PersDB 2008
2nd International Workshop on
Personalized Access, Profile Management, and Context Awareness: Databases
Aims and Scope
Proliferation of database-driven web sites has brought upon a plethora of applications where different notions of user and context information are of paramount importance. Monitoring and trading stock portfolios, blog aggregation and news notification, dataset sharing, weather tracking, and even simple search are just a few examples of applications that can all be personalized based on users´ individual or social profiles that may include their preferences, interests, educational backgrounds, and other characteristics. Similarly, all these can be affected by their operational context, which may include the location, time, and other features of their environment. Hence, a key characteristic of emerging database systems will be customizability of their behavior taking into account the various characteristics, preferences, and needs of individual users or groups of users, as well as the context in which these users interact with the system.

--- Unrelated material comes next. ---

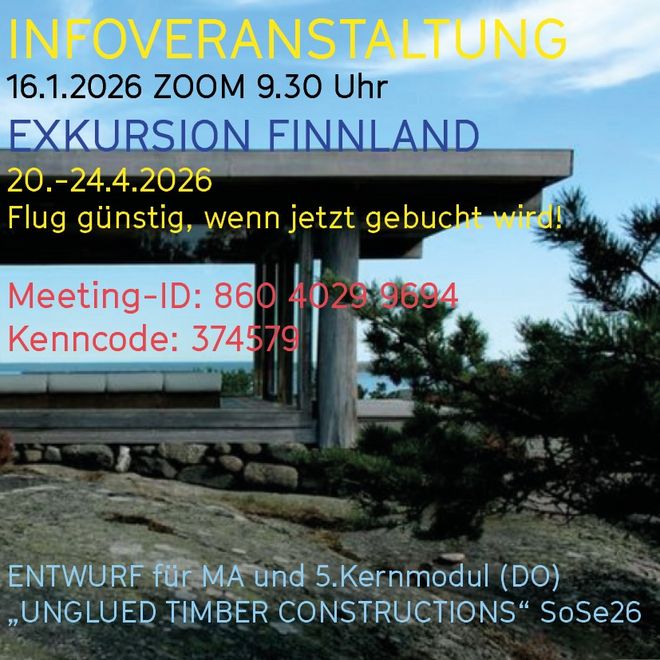 Im SoSe26 bieten wir den Entwurf „Unglued Timber Constructions“ als MA Entwurf und 5. Kernmodul an. Wir möchten in Thüringen Hallenbauten für ein Sägewerk, eine Saatgutanlage und ein Schwimmbad aus unverleimten Holzkonstruktionen entwerfen. Wichtiger Fokus wird dabei auf kurzen, rechteckigen Teilen oder ganzen Stämmen und der Auseinanderbaubarkeit der Verbindungen liegen. Dazu möchten wir eine Exkursion nach Finnland machen, und vorrangig Aalto und Siren Architekturen mit sparsamen Holzkonstruktionen der Nachkriegsmoderne anschauen. Die Flüge sind am günstigsten, wenn wir im Januar buchen. Deswegen bieten wir eine Voranmeldung für Entwurf und Exkursion jetzt schon an.
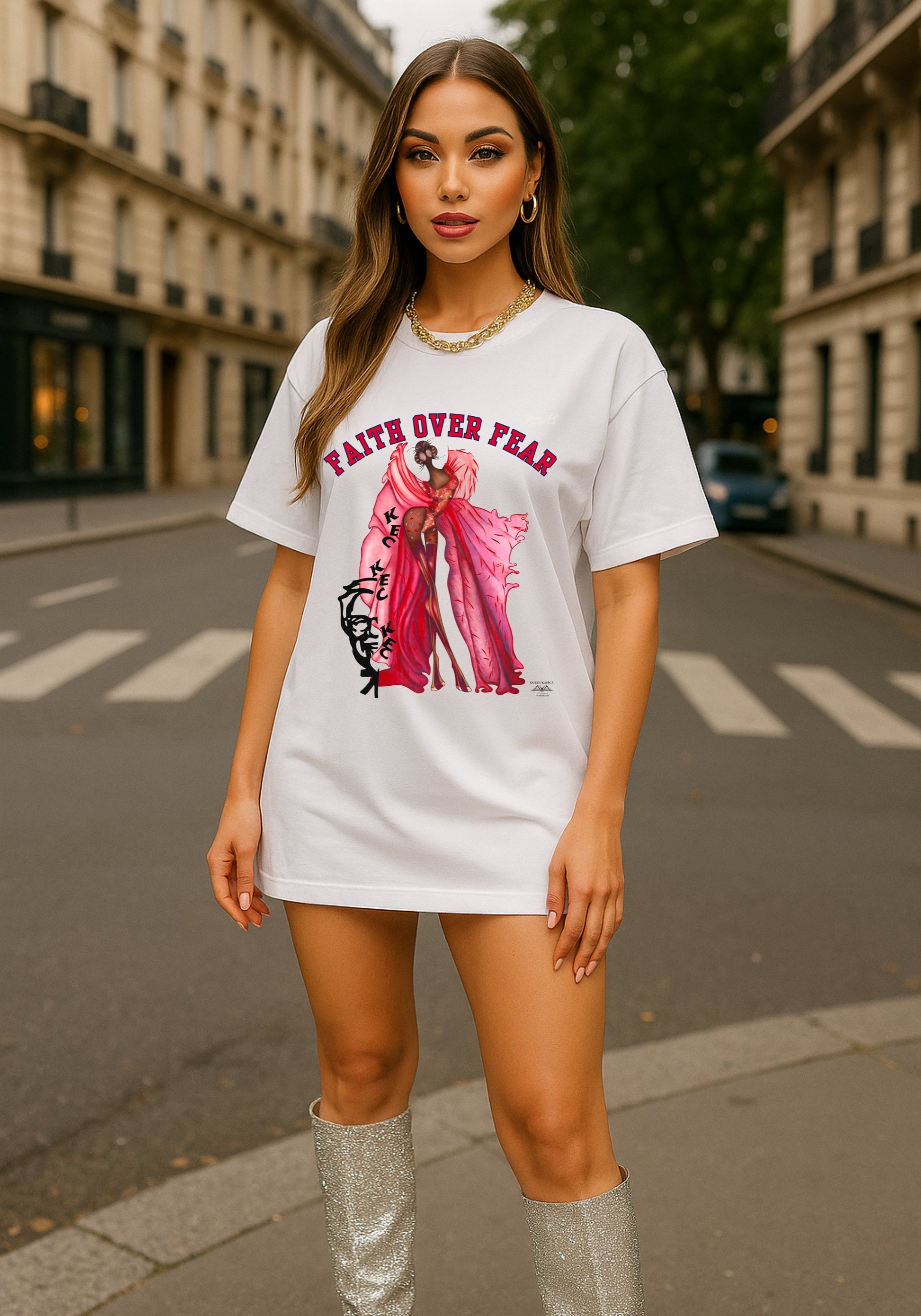 KaFiCa Queen “Faith Over Fear™” T-Shirt | KFC-Inspired Christian Tee | Faith Streetwear | Eco-Art Fashion | AYA by DK

The trend towards more user-centric, personalized, and context-aware database systems requires new models and techniques able to provide users with the "right information at the "right time" in the "right place". In doing so, there are three major stages one has to go through, each one raising its own rich set of problems:
- User modeling, where particular user characteristics, interests, preferences, and abilities are identified as critical for the applications of concern and placed within an appropriate framework or model;
- User profiling, where through observations of a user´s behavior or through direct input, a particular profile for a user (or a group/community of users) or the context is created following the structure of the user model of choice;
- Personalization, where the particular profile is used to modify some aspects of the system behavior and user experience.
These three stages may be similarly identified for contextualization and give rise to analogous sets of research problems: context modeling identifies environment features of interest, context profiling "reads" the environment through automatic assessment or direct user input, and contextualization uses the context established to influence the behavior of the system. It should be noted that personalization and contextualization may affect database system functionality at several levels: designing the user interface, enhancing and reformulating the user query, content selection, content sharing, query routing and resource allocation in a distributed database federation, admission control, caching and scheduling, and managing the actual data. Defining metrics and methods for measuring the system´s effectiveness from the user perspective is also very significant. Exploring the possible relations between contextualization and personalization is of particular interest. First, contextualization can be used as a personalization mechanism by viewing a user´s profile as a particular case of context. Alternatively, users may have different, individual or social, profiles depending on the context in which they operate each time.
The PersDB 2008 workshop aims at providing a forum for presentation of the latest research results, new technology developments, and new applications in the areas of personalized access, profile management, and context awareness in database systems.
Topics
Relevant topics of PersDB 2008 include but are not limited to the following:
- Personal and social databases
- Database user behavior modeling
- Database user preference modeling
- Analyzing database user access patterns
- User profiling and preference elicitation
- Personalized content access
- Community-based data sharing
- Query personalization, publish/subscribe and recommender systems
- Personal ontology modeling and use
- Personal information management
- Adaptive database systems
- User-centric data management and computing
- User-centric admission control and scheduling algorithms
- User-centric query routing
- Architectures for personalized privacy in databases
- Multimodal ubiquitous environments
- Location-based database services
- Context modeling and context identification
- Context-aware, personalized computing in databases
- Context-aware system architectures
- Context-aware user profiling and personalization
- Intelligent browsing and navigation over databases
- Evaluation methodologies and metrics
Contributions may describe original research, practical experiences, novel applications, and evaluation studies.